> **EXERCISE**:
Begin with the line below holding "Fig.2 shows the" and go on through the line holding "Take your wrist", duplicating each line exactly and leaving out pictures.

> **INPUT DATA**:
--------------------

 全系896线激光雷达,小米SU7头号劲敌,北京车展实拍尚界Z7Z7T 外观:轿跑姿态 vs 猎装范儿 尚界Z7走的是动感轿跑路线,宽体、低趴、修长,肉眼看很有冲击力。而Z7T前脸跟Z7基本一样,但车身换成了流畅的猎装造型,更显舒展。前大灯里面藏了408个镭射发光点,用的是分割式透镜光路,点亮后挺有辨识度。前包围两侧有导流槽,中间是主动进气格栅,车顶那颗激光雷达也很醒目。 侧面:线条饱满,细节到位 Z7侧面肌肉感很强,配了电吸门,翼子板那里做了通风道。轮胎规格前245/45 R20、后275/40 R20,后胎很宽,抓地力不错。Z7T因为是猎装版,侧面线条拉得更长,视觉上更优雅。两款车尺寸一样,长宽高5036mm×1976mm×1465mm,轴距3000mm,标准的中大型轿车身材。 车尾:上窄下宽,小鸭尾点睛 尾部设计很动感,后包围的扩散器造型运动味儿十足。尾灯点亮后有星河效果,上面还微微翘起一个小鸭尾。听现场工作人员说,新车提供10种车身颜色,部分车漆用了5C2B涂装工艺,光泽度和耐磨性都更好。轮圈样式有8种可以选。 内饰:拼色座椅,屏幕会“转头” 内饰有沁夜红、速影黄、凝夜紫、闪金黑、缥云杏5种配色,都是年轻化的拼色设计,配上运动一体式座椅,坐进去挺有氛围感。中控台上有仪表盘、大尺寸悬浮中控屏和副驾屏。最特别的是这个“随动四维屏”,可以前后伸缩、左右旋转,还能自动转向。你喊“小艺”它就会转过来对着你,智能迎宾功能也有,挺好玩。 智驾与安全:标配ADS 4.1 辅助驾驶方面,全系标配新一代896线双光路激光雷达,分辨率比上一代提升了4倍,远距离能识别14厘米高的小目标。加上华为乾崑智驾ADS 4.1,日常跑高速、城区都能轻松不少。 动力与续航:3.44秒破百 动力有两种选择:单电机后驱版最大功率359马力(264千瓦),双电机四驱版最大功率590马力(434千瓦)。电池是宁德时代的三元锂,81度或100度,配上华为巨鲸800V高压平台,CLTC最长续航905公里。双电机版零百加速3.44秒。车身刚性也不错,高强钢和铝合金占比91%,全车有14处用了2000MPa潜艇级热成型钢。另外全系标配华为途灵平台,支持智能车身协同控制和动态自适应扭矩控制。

--------------------

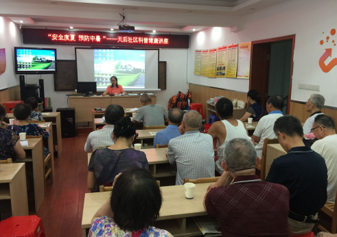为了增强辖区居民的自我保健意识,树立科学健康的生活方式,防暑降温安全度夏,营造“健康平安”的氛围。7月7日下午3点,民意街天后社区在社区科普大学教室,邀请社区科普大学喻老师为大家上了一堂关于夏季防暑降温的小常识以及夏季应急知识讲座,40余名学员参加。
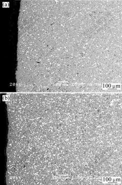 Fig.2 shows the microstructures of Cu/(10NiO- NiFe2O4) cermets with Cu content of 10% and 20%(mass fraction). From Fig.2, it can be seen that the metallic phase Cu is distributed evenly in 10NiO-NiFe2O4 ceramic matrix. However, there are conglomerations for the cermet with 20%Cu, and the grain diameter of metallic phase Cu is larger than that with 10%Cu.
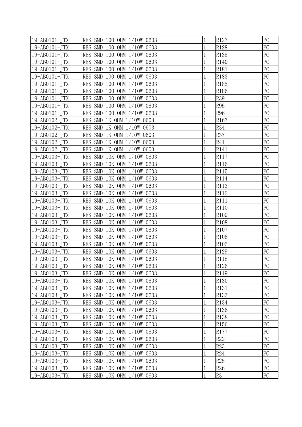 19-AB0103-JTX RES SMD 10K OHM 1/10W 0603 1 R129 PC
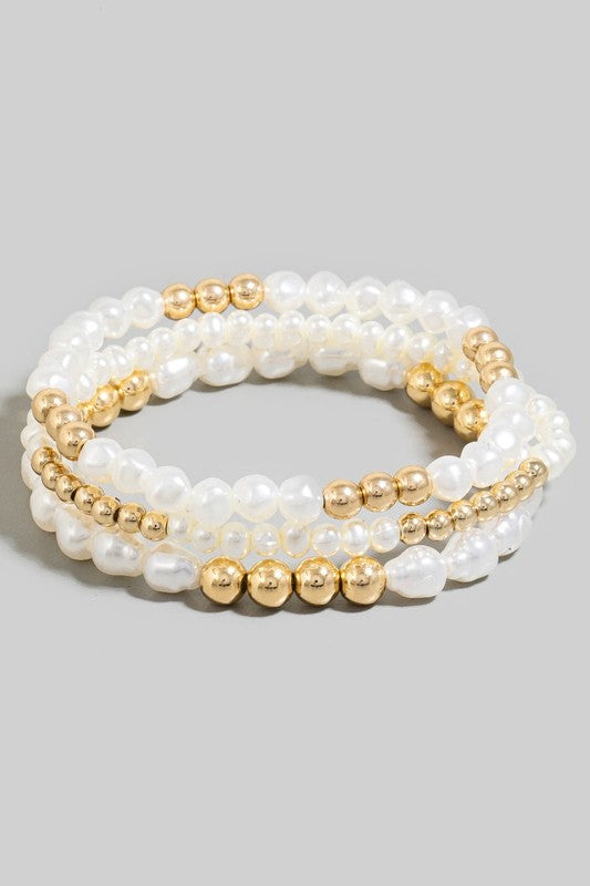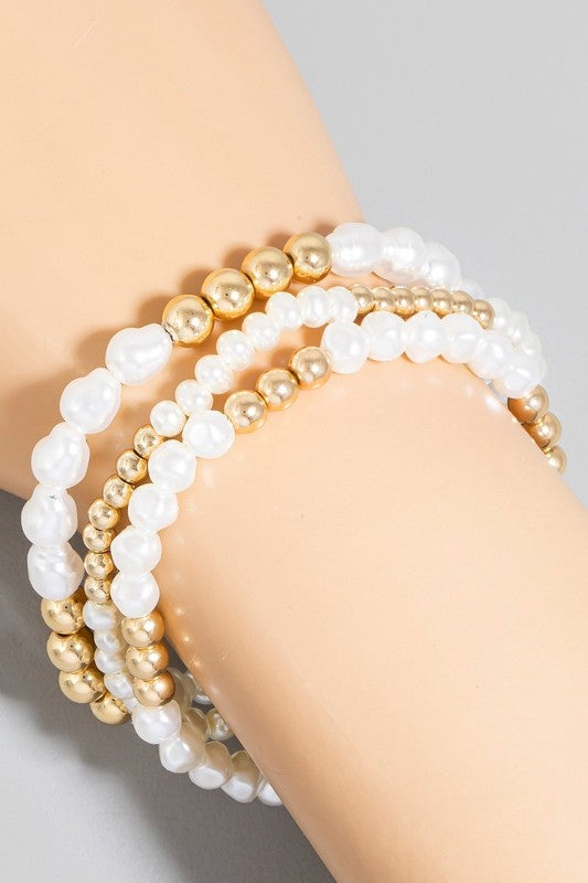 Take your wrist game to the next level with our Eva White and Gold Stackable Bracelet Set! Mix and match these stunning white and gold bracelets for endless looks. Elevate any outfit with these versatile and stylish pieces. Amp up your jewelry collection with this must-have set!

--------------------

> **WRITTEN REPLY**:
 Fig.2 shows the microstructures of Cu/(10NiO- NiFe2O4) cermets with Cu content of 10% and 20%(mass fraction). From Fig.2, it can be seen that the metallic phase Cu is distributed evenly in 10NiO-NiFe2O4 ceramic matrix. However, there are conglomerations for the cermet with 20%Cu, and the grain diameter of metallic phase Cu is larger than that with 10%Cu.
 19-AB0103-JTX RES SMD 10K OHM 1/10W 0603 1 R129 PC
 Take your wrist game to the next level with our Eva White and Gold Stackable Bracelet Set! Mix and match these stunning white and gold bracelets for endless looks. Elevate any outfit with these versatile and stylish pieces. Amp up your jewelry collection with this must-have set!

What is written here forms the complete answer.